Kristin and I just spent ten days in Istanbul to conduct interviews of journalists, scholars, businessmen, and employees of human rights NGOs. This trip was part of a project we have been working on with the help of other students from the Poverty and Power Research Initiative for about a year. As a group we chose to look into the power transition in Turkey between a secularist order backed by the military and a more conservative power group centered around the AKP and the network built by the imam Fethullah Gülen, who is currently living in the United States in self-imposed exiled [1]. This led us to focus on the emerging power structures in the media, and their influence on journalists.
We had two objectives for this trip to Istanbul. The first one was to meet as many people as possible in order to get a variety of opinions about the state of the media, its evolution, its role in Turkish society, and its interactions with politics and the business worlds. The second objective was to leave the country with a clear understanding of these complicated issues, one that would confirm the opinions we had formed over the past year about who were the good guys, the bad guys, and what needed to be done to save the Turkish media.
The first objective was reached, and I think we even surpassed our expectations. We met with famous columnist Kerim Balci who writes for the conservative media group Zaman, which owns the most sold daily in Turkey and is funded by the Gülen Movement. Mr. Balci invited us to the group’s brand new modern glass building, which is one that any journalist would dream to work in. Later that same day we met in a small bookshop/café with Adnan Bostancioglu, a freelance journalist who writes for the small independent leftist newspaper BirGün. He proposed to put us in contact with his friend, Ahmet Sik, the reporter who became internationally famous after spending a year in jail for writing an unpublished book about the Gülen Movement infiltrating the police forces.

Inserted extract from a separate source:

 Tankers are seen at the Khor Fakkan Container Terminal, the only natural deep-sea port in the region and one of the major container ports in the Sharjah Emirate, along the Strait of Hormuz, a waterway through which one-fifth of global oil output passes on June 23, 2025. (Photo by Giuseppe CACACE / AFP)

Both agreed that Turkey is not a perfect democracy, but Mr. Balci saw many improvements in the past years, believed that anything can be investigated, and nearly every opinion can now be expressed in the media, while Mr. Bostancioglu talked to us about the intimidation of the government, the importance of money in the media, and what he considered to be absurd allegations of terrorism made against fellow reporters. The differences in Mr. Balci and Mr. Bostancioglu’s opinions illustrate the diversity of opinions we collected over ten days. This diversity did not help Kristin and I come up with a clear answer about freedom of expression in Turkey, but brought out many of the nuances and historical influence that constitute modern Turkey, its media sector, and political system.

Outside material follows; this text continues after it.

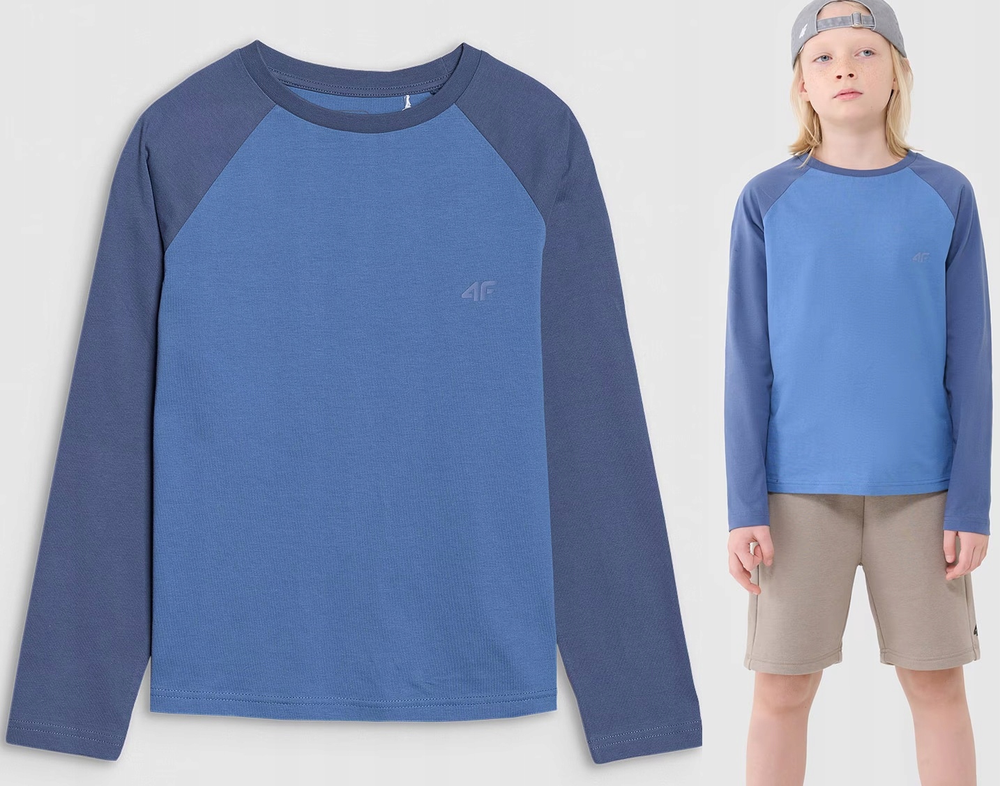Лонгслів для хлопчиків 4F. Блузка з довгим рукавом з приємного на дотик матеріалу звичайного крою - практичний варіант одягу для хлопчика. Цікаві кольори урізноманітнюють звичайну укладку. Бавовняний матеріал забезпечує комфорт у кожному русі.

I would like to point out that it is futile to apply American standards of democracy and human rights in Turkey. The country went through military coups in 1960, 1971, 1980, and 1997 during which the media often played a critical role. In fact, state control of the media was very important under military regimes, and one person we met told us, “Before they used to kill journalists, now they imprison them. That’s an improvement!” In addition, it did not take us long to understand that the problem with freedom of expression depicted by NGOs like Reporters Without Borders is in fact closely linked to the Kurdish issue. Most of the imprisoned journalists are Kurdish and are being tried for terrorism because of the columns and news reports they wrote. Some of our interviewees were outraged that the government arrested them, but others told us it reassures them to know these journalists could no longer write. Their opinion greatly depended on how they weighed freedom of expression in comparison to national security.
Talking about our research topic to contrasting individuals in Istanbul was an amazing experience, but it certainly did not help us stabilize the impressions we had before traveling. The people’s answers to our questions depended on where they stood on the Turkish political spectrum, how they understood Turkish citizenship, how they defined freedom of speech, whether they placed security over freedom of speech, and many other criteria. We did not fulfill the second objective of our trip, but I think it is for the best because we left the country with a much more complex and nuanced understanding of Turkey that books in the Tisch Library could not have helped us reach.
[1] No one really knows how to describe Gulen’s following. We have heard “organization”, “religious association”, “set of values”, “network of professional”…. I chose to use the word "Movement."